- Born: February 25, 1917 Pecos, New Mexico
- Died: March 18, 1975 (aged 58) Albuquerque, New Mexico
- Occupation: Educator

= María Dolores Gonzáles (educator) =

Bilingual educator (1917-1975

María Dolores Gonzáles (1917–1975), known more popularly by her middle name Dolores, was an educator in New Mexico who was on the forefront of bilingual educator for Spanish language education programs. She was called "La Doctora" after receiving her PhD.

==Biography==
María Dolores Gonzáles was born on February 25, 1917, in Pecos, New Mexico to parents Geronimo and Paulita Rivera de Gonzales. She was the third of nine children and called "Lola" as a nickname.

In 1940, census records indicate that she was married to Carlos Gonzales.

===Education and career===
Gonzáles attended Pecos public schools during her youth. She attended Highlands University and received a bachelor's degree in elementary education and English.

Gonzáles taught in Pecos for 17 years. She was a county principal for San Miguel County.

She attended University of Columbia for her master's degree, and Pennsylvania State University for her doctorate.

Gonzáles traveled to Latin America as an elementary advisor to the United States Agency for International Development of Education in Central and South America. In this role she worked with teachers in Latin American countries to compile textbooks for Spanish language classes.

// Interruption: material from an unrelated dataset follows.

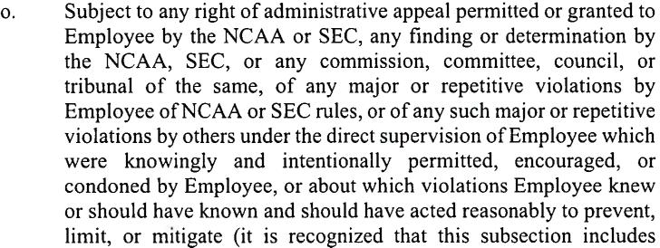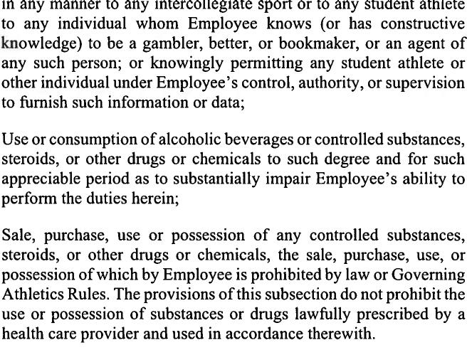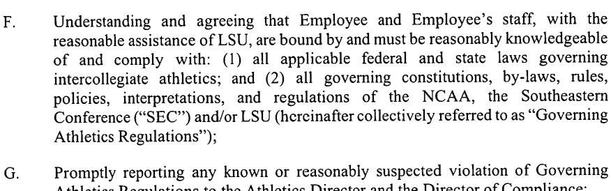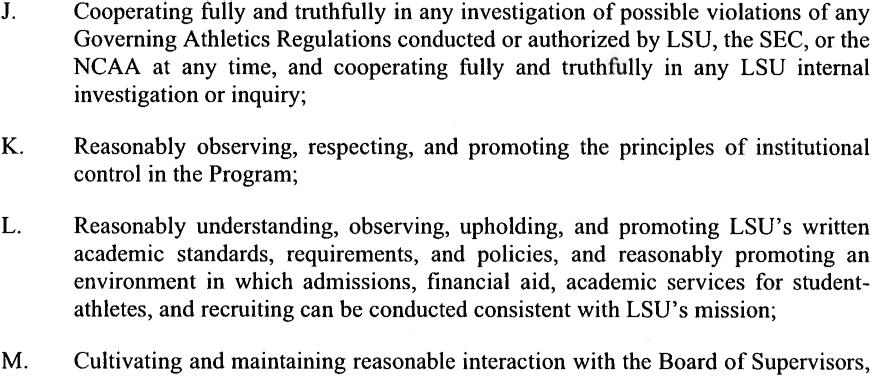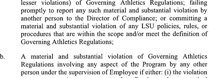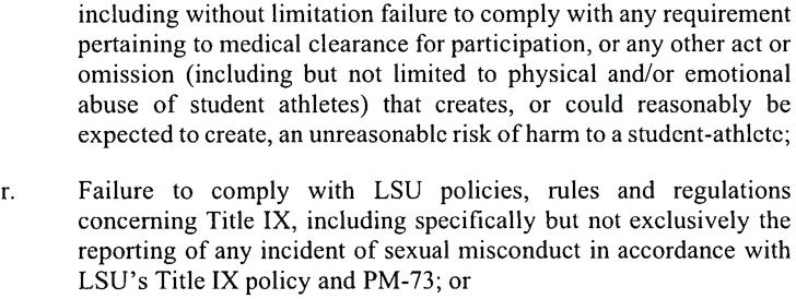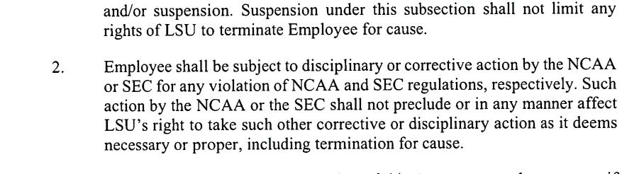 26. Section 11.A.1 of theAgreement defines “cause” to include conduct like violating certain LSU rules, pleading guilty to a felony, committing fraud or engaging in other “serious misconduct.” (Agreement § 11.A.1.)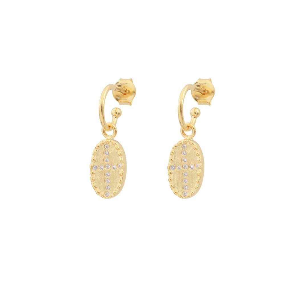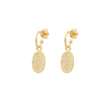 Créole et sa mini médaille ovale de 1cm/0,6cm embossée, sertie de zircons blancs, brossée et mate en plaqué or 3 micron.

Gonzales was an associate professor of Elementary Education at the University of New Mexico. She led the Bilingual Education Program Material Production Institute and developed the Tierra de Encanto or Land of Enchantment series. These were bilingual readers for elementary students that provided lessons in formal Spanish for students that spoke Spanish at home.

===Death and legacy===
Gonzales died on March 18, 1975, in Albuquerque, New Mexico.

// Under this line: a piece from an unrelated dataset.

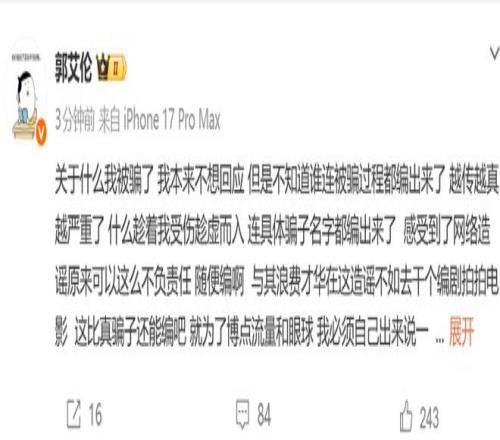 “感受到了網絡造謠,原來可以這么不負責任,隨便編啊!與其浪費才華在這造謠,不如去干個編劇,拍拍電影。這比真騙子還能編吧!就為了博點流量和眼球,我必須自己出來說一句了:我沒有被騙,謝謝大家關心。”

In July 1975, the National Institute on Access to Higher Education for the Mexican American was dedicated in her memory.

The Dolores Gonzales Elementary School in Albuquerque, New Mexico is named for her. The school has a Dual Language Immersion Program and recognizes her work in promoting bilingual education.

At the school there is a marker from the New Mexico Historic Marker Initiative.